Smartphone and tablet applications (apps) have become an integral part of clinical practice, research, and education for many physicians. Studies have demonstrated that 85 percent of attending surgeons, fellows, and residents in the Accreditation Council on Graduate Medical Education (ACGME) training programs own a smartphone, and more than 50 percent of them use a variety of apps in clinical practice.1
From a surgical standpoint, the $27 billion mobile app market has generated apps that can do everything from surgical simulation, to procedure illustration, to provision of instantaneous access to libraries of information.2 Searching for “surgery” on the iTunes App Store brings up more than 900 related apps; the same search on Google Play delivers approximately 500 results. Navigating this veritable jungle of apps can be a time-consuming and confusing process.
What are the best surgical apps? How are they actually used in practice? Have they changed the delivery of surgical care? This article addresses these questions by examining apps for clinical practice, research, and education with the help of some tech-savvy surgeons. And how did we find these app experts? Well, naturally with the assistance of apps and by sending out messages via the American College of Surgeons’ (ACS) Twitter account (@AmCollSurgeons).
Apps for clinical practice
Most physicians currently in clinical practice did not have access to apps during training, yet many are finding this type of technology can revolutionize the way they practice by facilitating preoperative, intraoperative, and postoperative care. Quoc-Dien Trinh, MD, a urologic oncologist at Brigham and Women’s Hospital, Boston, MA, describes how using apps such as drawMD to explain surgical operations to patients means he no longer has to carry around cumbersome stock drawings of anatomy. Now Dr. Trinh makes personalized drawings for patients using the anatomy templates on the app and can easily e-mail these images to them for future reference.
Contrary to the absence of apps during the training of most current surgical attendings, many present-day surgical trainees have never practiced medicine without them. For example, general surgery residents at the Medical College of Wisconsin, Milwaukee, are given iPads for use during rounds to access electronic health records (EHRs) and retrieve information. Apps that allow access to EHRs such as Citrix Receiver comprise a burgeoning field. Even patients have the opportunity to access their personal medical records through apps. For example, the Kaiser Permanente app allows health plan members to access their EHRs, review test results, book appointments, and refill medication prescriptions.

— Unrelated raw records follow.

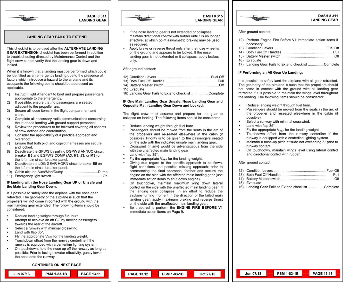 Annexe C – Manuel de référence rapide pour l’avion Dash 8 – train d’atterrissage qui refuse de sortir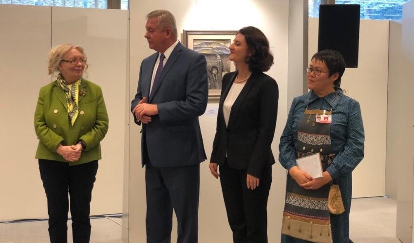 Выставка уйльтинской мастерицы, которая рисует картины на рыбьей коже, открылась во Дворце Наций в Женеве в рамках проведения 8-го Форума ООН по вопросам предпринимательской деятельности и прав человека. Организаторами выступили Постоянное представительство Российской Федерации при ООН, Глобальный договор ООН. Уйльта, малочисленный народ из числа коренных жителей Севера Сахалинской области, используют рыбью кожу для изготовления хозяйственной утвари, одежды, обуви, сумок и других предметов быта. Но Вероника вдохновилась уникальностью материала и воплотила свои творческие задумки в виде изображения сцен из традиционной жизни и устных сказаний своего народа. На выставке представлены десять работ художницы. — Кожа рыбы настолько живописна и уникальна, как отпечатки пальцев человека, что даже не нужно ничего на ней рисовать, лишь добавить несколько штрихов. Это удивительный материал, с которым я не могу расстаться уже более 30 лет. Чаще готовлю его сама, но иногда также приносят люди, — ра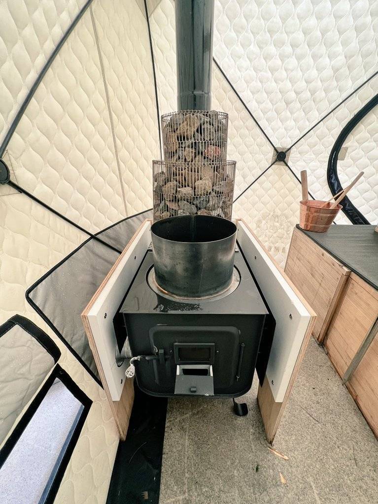 ストーブガードはテントサウナにおいて、ストーブ接触によるやけど事故を防ぎます。さらに、ストーブから発せられる過度な輻射熱を遮断し、快適なサウナに貢献します。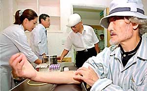 9月2日即將回朝鮮的非轉向長期囚犯張浩(右邊)24日在漢城紅十字醫院正接受體檢﹐為的是拿到護照.

In addition to the availability of mobile EHRs, access to current guidelines at the point of care is a valuable advancement for trainees and clinicians. Several such guidelines in app format include the National Comprehensive Cancer Network’s (NCCN) guidelines for cancer care available via the NCCN Guidelines by Epocrates app; the American College of Chest Physicians’ antithrombotic therapy guidelines available through the CHEST app; and the Johns Hopkins ABX Guide app, which provides an impressive compilation of antimicrobial recommendations and guidelines, including some for surgical prophylaxis and treatment of surgical site infections.
Tablets and smartphones are rapidly replacing handwritten notes and pocket reference books for many trainees. Apps such as Evernote and Notability offer users the opportunity to write electronic notes, collect documents, store photographs, and record audio, while keeping all of this information together in a categorized, searchable electronic database. Similarly, trainees no longer have to tote around pocket-sized reference books as many of these are now virtual and subsequently are immediately accessible. “Of course you still have to know all the basics, but we really don’t have to keep everything in our heads anymore,” said Paula Termuhlen, MD, FACS, general surgery residency program director at the Medical College of Wisconsin, Milwaukee. “I am certain that readily accessible information will increase patient security and reduce human error.”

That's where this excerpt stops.